__YOUR OBJECTIVE__. Output the records precisely as they stand. Pictures are to be skipped.

__RAW DATA__.
_ _ _

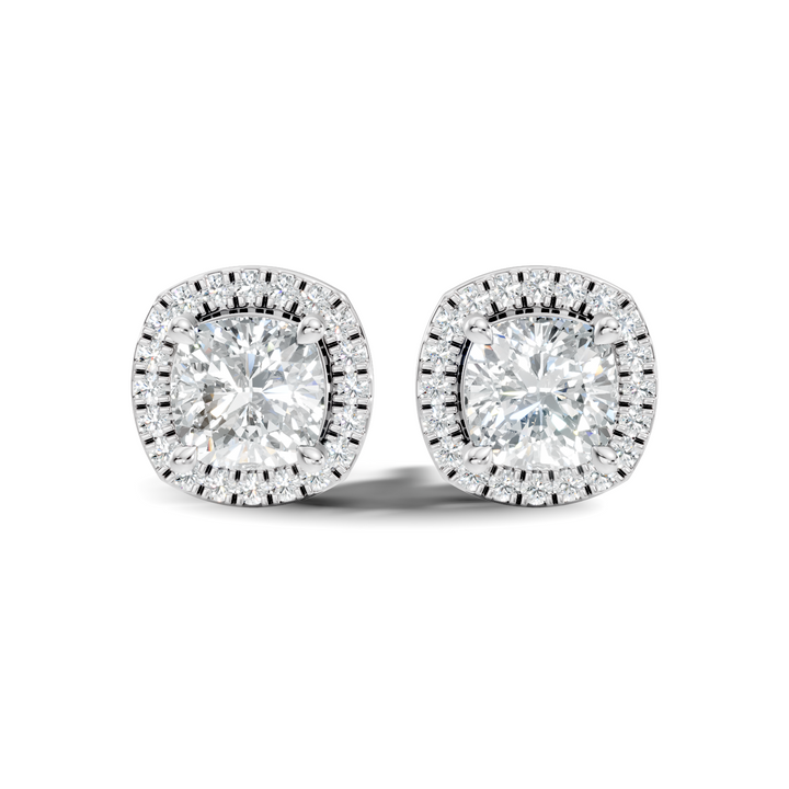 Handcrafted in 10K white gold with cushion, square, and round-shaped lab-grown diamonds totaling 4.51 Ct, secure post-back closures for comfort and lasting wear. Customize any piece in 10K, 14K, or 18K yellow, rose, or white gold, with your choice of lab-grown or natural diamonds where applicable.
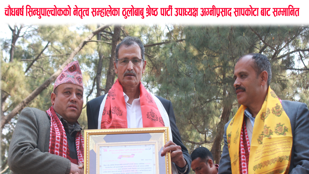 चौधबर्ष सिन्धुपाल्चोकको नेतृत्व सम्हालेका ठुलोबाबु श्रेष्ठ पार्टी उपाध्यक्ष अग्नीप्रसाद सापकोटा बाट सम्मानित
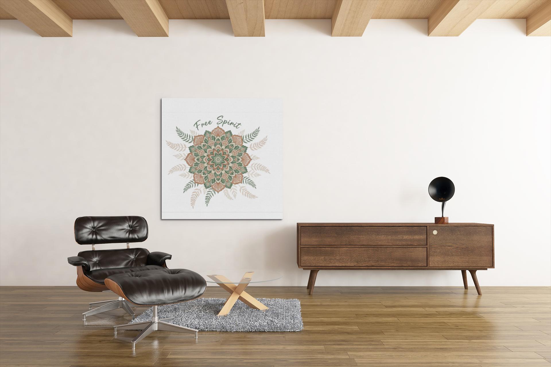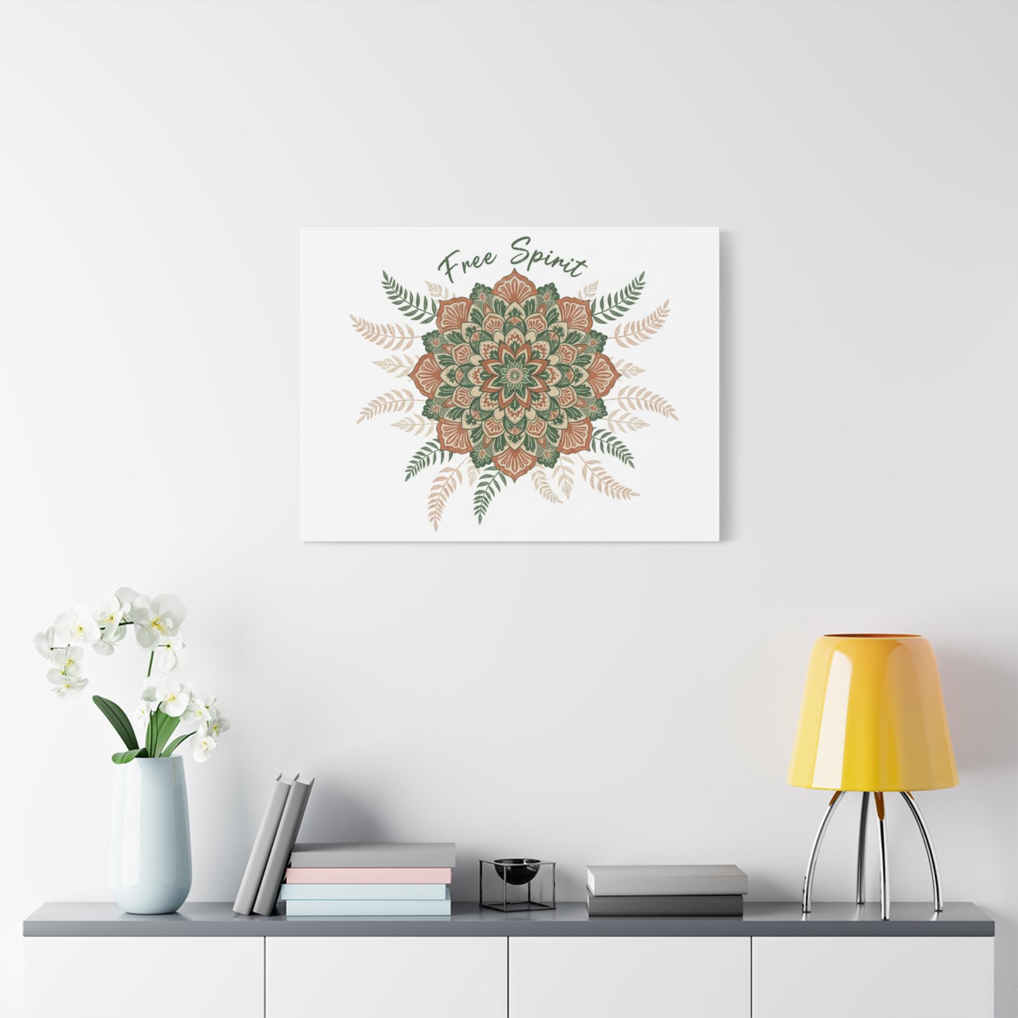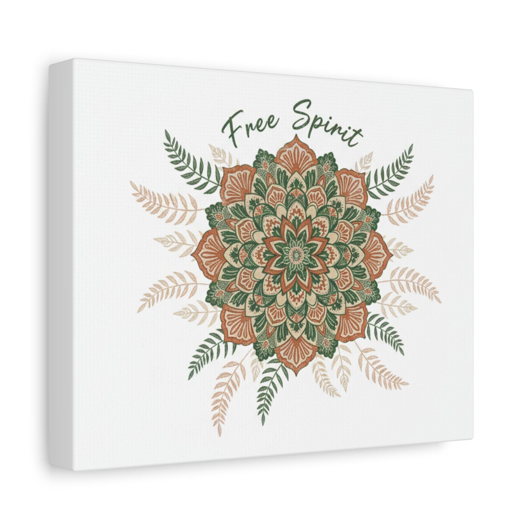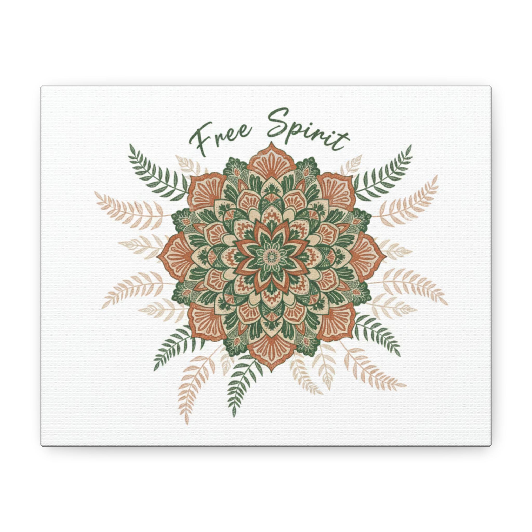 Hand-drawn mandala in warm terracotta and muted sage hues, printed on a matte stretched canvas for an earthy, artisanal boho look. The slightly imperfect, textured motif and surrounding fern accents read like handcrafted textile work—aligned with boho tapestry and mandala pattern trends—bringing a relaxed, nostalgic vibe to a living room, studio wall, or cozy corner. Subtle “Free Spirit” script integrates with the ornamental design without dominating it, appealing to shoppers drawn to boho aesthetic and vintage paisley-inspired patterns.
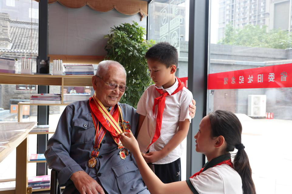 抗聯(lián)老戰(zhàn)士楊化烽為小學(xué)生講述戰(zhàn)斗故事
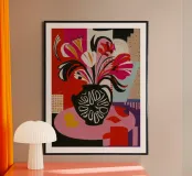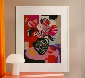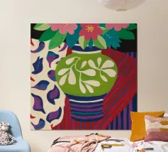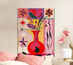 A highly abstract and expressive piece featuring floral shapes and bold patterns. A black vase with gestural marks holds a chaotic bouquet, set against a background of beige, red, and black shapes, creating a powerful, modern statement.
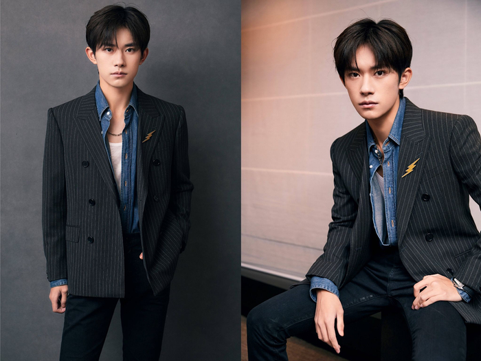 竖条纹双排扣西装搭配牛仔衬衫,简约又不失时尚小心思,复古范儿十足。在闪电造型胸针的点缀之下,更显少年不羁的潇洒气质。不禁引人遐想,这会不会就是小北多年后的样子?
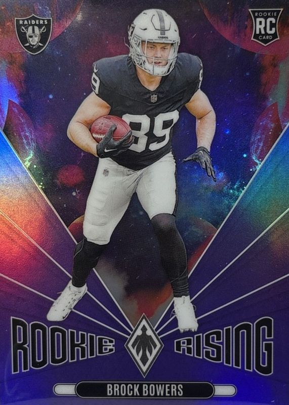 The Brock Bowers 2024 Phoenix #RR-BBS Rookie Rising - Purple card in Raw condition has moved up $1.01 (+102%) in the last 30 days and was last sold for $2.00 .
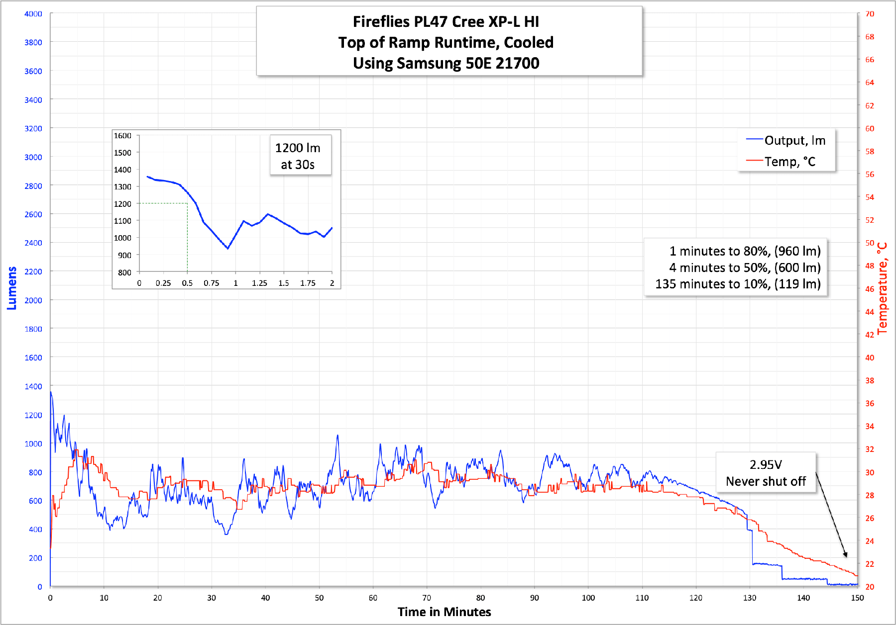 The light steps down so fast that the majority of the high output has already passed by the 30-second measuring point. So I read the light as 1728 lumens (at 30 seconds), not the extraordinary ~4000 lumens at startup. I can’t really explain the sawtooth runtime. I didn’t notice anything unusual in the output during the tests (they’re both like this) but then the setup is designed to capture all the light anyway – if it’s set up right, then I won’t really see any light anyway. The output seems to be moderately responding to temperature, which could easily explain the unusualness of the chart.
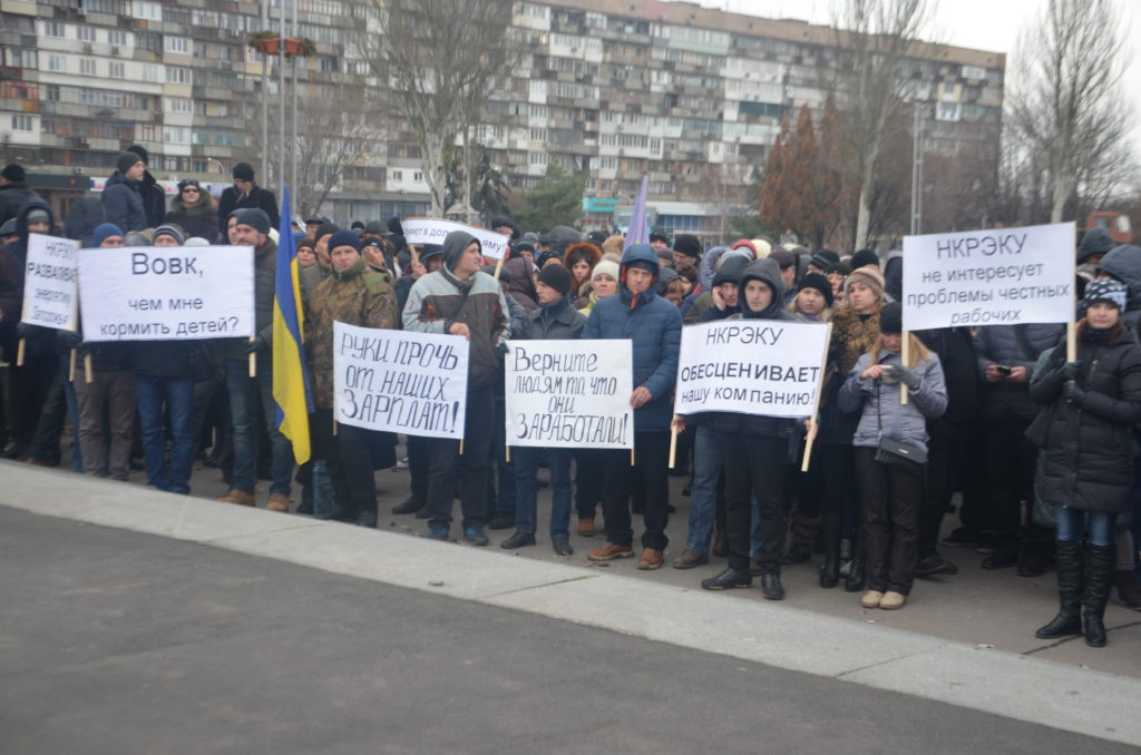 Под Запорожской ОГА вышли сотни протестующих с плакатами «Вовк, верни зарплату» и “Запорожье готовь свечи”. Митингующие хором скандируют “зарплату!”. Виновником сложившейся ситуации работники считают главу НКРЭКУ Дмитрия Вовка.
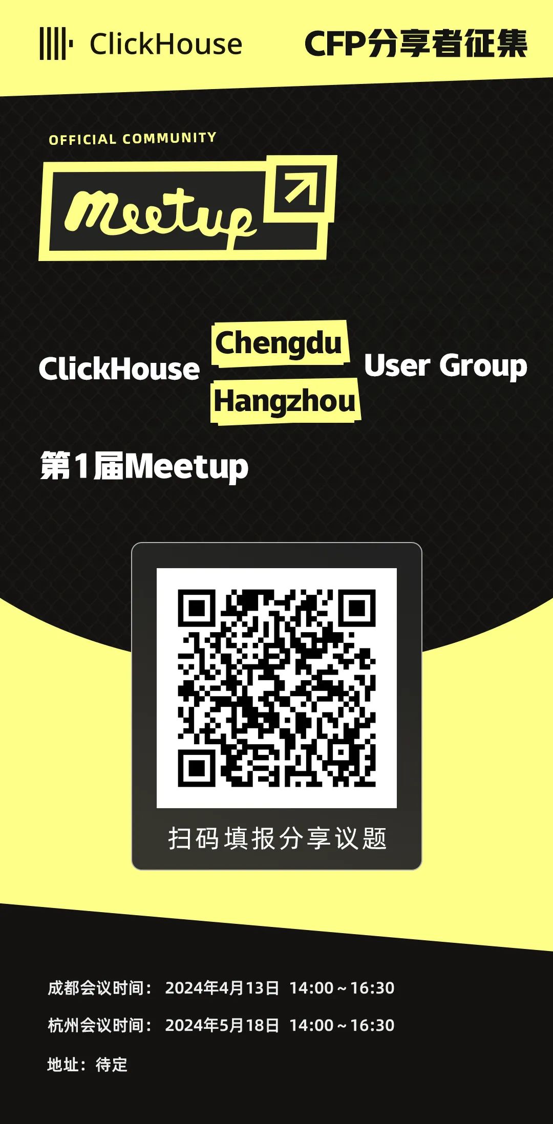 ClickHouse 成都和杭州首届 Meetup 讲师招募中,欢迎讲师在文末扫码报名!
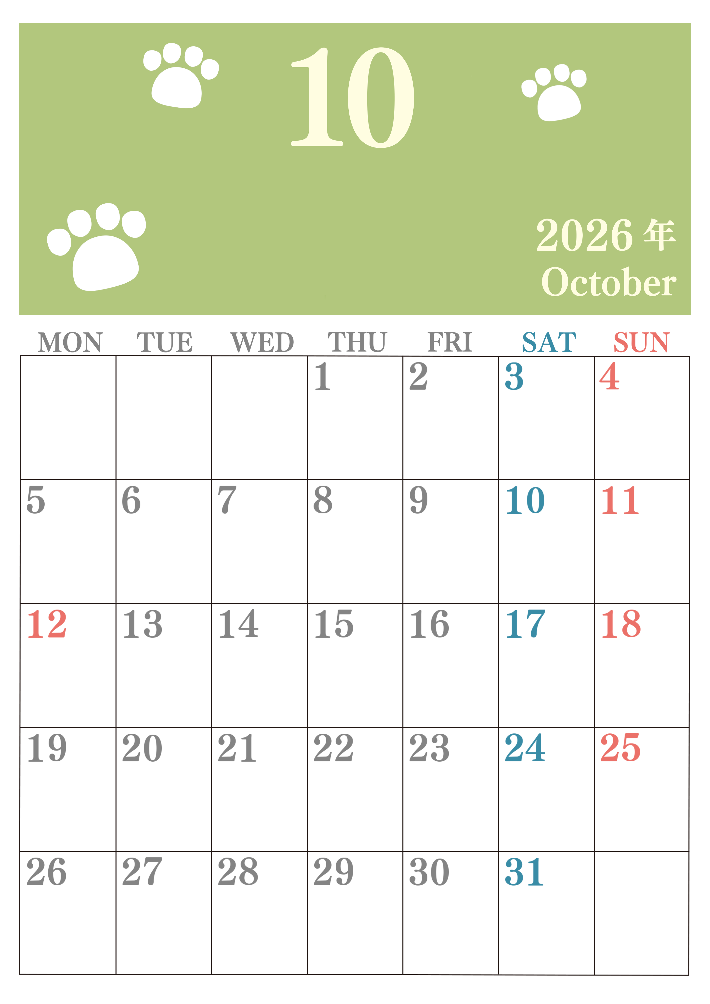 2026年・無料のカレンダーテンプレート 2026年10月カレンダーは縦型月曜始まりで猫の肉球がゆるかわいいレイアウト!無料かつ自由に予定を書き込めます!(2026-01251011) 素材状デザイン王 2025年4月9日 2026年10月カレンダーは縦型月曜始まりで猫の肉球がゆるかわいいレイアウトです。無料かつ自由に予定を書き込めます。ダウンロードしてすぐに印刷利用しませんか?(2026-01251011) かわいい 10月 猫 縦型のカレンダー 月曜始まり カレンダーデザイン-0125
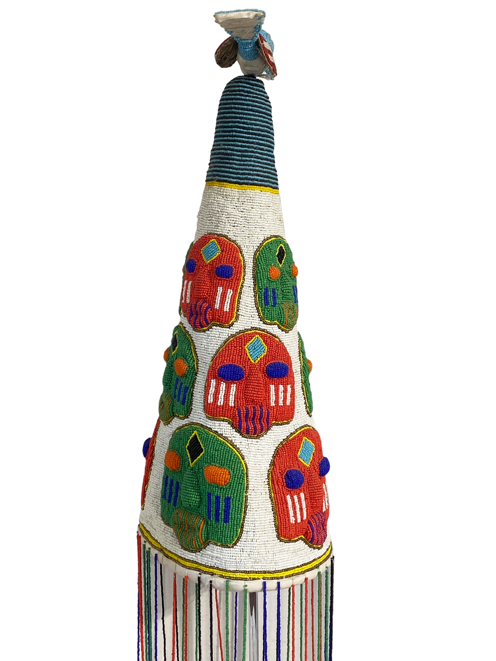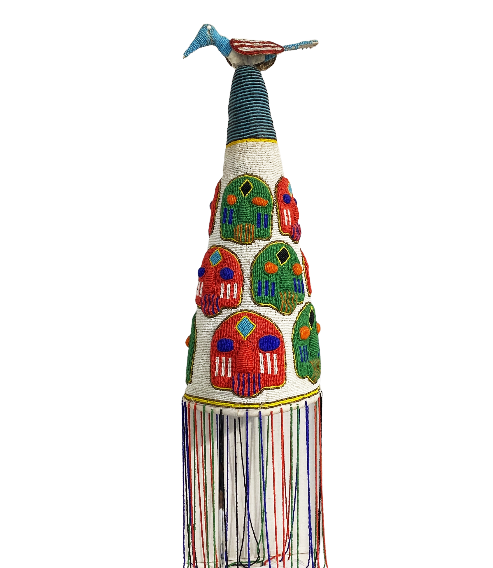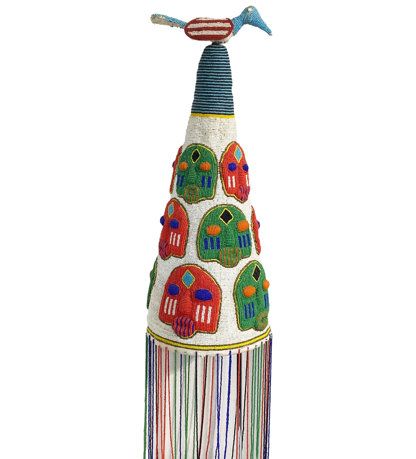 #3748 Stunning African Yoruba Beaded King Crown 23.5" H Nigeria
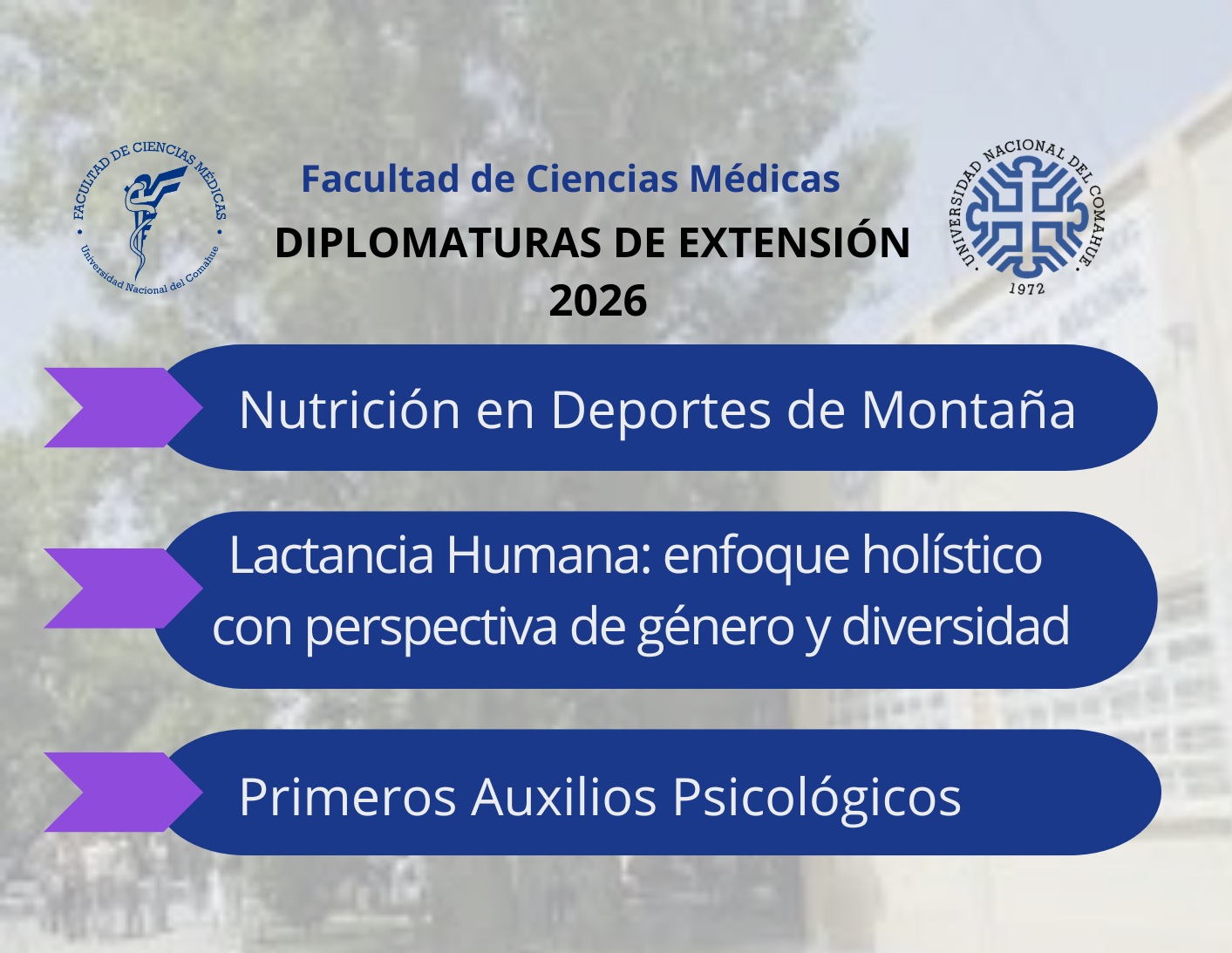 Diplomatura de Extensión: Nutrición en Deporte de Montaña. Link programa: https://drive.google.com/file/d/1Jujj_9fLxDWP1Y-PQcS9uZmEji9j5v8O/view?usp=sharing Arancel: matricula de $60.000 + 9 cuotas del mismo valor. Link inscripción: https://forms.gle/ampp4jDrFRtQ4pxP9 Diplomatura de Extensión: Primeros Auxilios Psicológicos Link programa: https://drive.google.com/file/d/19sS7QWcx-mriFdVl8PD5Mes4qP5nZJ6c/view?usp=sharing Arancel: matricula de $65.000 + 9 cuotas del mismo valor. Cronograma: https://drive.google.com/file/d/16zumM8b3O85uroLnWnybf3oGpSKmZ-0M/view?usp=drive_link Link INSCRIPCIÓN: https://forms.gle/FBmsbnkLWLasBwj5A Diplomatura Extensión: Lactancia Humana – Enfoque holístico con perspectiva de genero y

_ _ _

__ANSWER SECTION__.
 Handcrafted in 10K white gold with cushion, square, and round-shaped lab-grown diamonds totaling 4.51 Ct, secure post-back closures for comfort and lasting wear. Customize any piece in 10K, 14K, or 18K yellow, rose, or white gold, with your choice of lab-grown or natural diamonds where applicable.
 चौधबर्ष सिन्धुपाल्चोकको नेतृत्व सम्हालेका ठुलोबाबु श्रेष्ठ पार्टी उपाध्यक्ष अग्नीप्रसाद सापकोटा बाट सम्मानित
 Hand-drawn mandala in warm terracotta and muted sage hues, printed on a matte stretched canvas for an earthy, artisanal boho look. The slightly imperfect, textured motif and surrounding fern accents read like handcrafted textile work—aligned with boho tapestry and mandala pattern trends—bringing a relaxed, nostalgic vibe to a living room, studio wall, or cozy corner. Subtle “Free Spirit” script integrates with the ornamental design without dominating it, appealing to shoppers drawn to boho aesthetic and vintage paisley-inspired patterns.
 抗聯(lián)老戰(zhàn)士楊化烽為小學(xué)生講述戰(zhàn)斗故事
 A highly abstract and expressive piece featuring floral shapes and bold patterns. A black vase with gestural marks holds a chaotic bouquet, set against a background of beige, red, and black shapes, creating a powerful, modern statement.
 竖条纹双排扣西装搭配牛仔衬衫,简约又不失时尚小心思,复古范儿十足。在闪电造型胸针的点缀之下,更显少年不羁的潇洒气质。不禁引人遐想,这会不会就是小北多年后的样子?
 The Brock Bowers 2024 Phoenix #RR-BBS Rookie Rising - Purple card in Raw condition has moved up $1.01 (+102%) in the last 30 days and was last sold for $2.00 .
 The light steps down so fast that the majority of the high output has already passed by the 30-second measuring point. So I read the light as 1728 lumens (at 30 seconds), not the extraordinary ~4000 lumens at startup. I can’t really explain the sawtooth runtime. I didn’t notice anything unusual in the output during the tests (they’re both like this) but then the setup is designed to capture all the light anyway – if it’s set up right, then I won’t really see any light anyway. The output seems to be moderately responding to temperature, which could easily explain the unusualness of the chart.
 Под Запорожской ОГА вышли сотни протестующих с плакатами «Вовк, верни зарплату» и “Запорожье готовь свечи”. Митингующие хором скандируют “зарплату!”. Виновником сложившейся ситуации работники считают главу НКРЭКУ Дмитрия Вовка.
 ClickHouse 成都和杭州首届 Meetup 讲师招募中,欢迎讲师在文末扫码报名!
 2026年・無料のカレンダーテンプレート 2026年10月カレンダーは縦型月曜始まりで猫の肉球がゆるかわいいレイアウト!無料かつ自由に予定を書き込めます!(2026-01251011) 素材状デザイン王 2025年4月9日 2026年10月カレンダーは縦型月曜始まりで猫の肉球がゆるかわいいレイアウトです。無料かつ自由に予定を書き込めます。ダウンロードしてすぐに印刷利用しませんか?(2026-01251011) かわいい 10月 猫 縦型のカレンダー 月曜始まり カレンダーデザイン-0125
 #3748 Stunning African Yoruba Beaded King Crown 23.5" H Nigeria
 Diplomatura de Extensión: Nutrición en Deporte de Montaña. Link programa: https://drive.google.com/file/d/1Jujj_9fLxDWP1Y-PQcS9uZmEji9j5v8O/view?usp=sharing Arancel: matricula de $60.000 + 9 cuotas del mismo valor. Link inscripción: https://forms.gle/ampp4jDrFRtQ4pxP9 Diplomatura de Extensión: Primeros Auxilios Psicológicos Link programa: https://drive.google.com/file/d/19sS7QWcx-mriFdVl8PD5Mes4qP5nZJ6c/view?usp=sharing Arancel: matricula de $65.000 + 9 cuotas del mismo valor. Cronograma: https://drive.google.com/file/d/16zumM8b3O85uroLnWnybf3oGpSKmZ-0M/view?usp=drive_link Link INSCRIPCIÓN: https://forms.gle/FBmsbnkLWLasBwj5A Diplomatura Extensión: Lactancia Humana – Enfoque holístico con perspectiva de genero y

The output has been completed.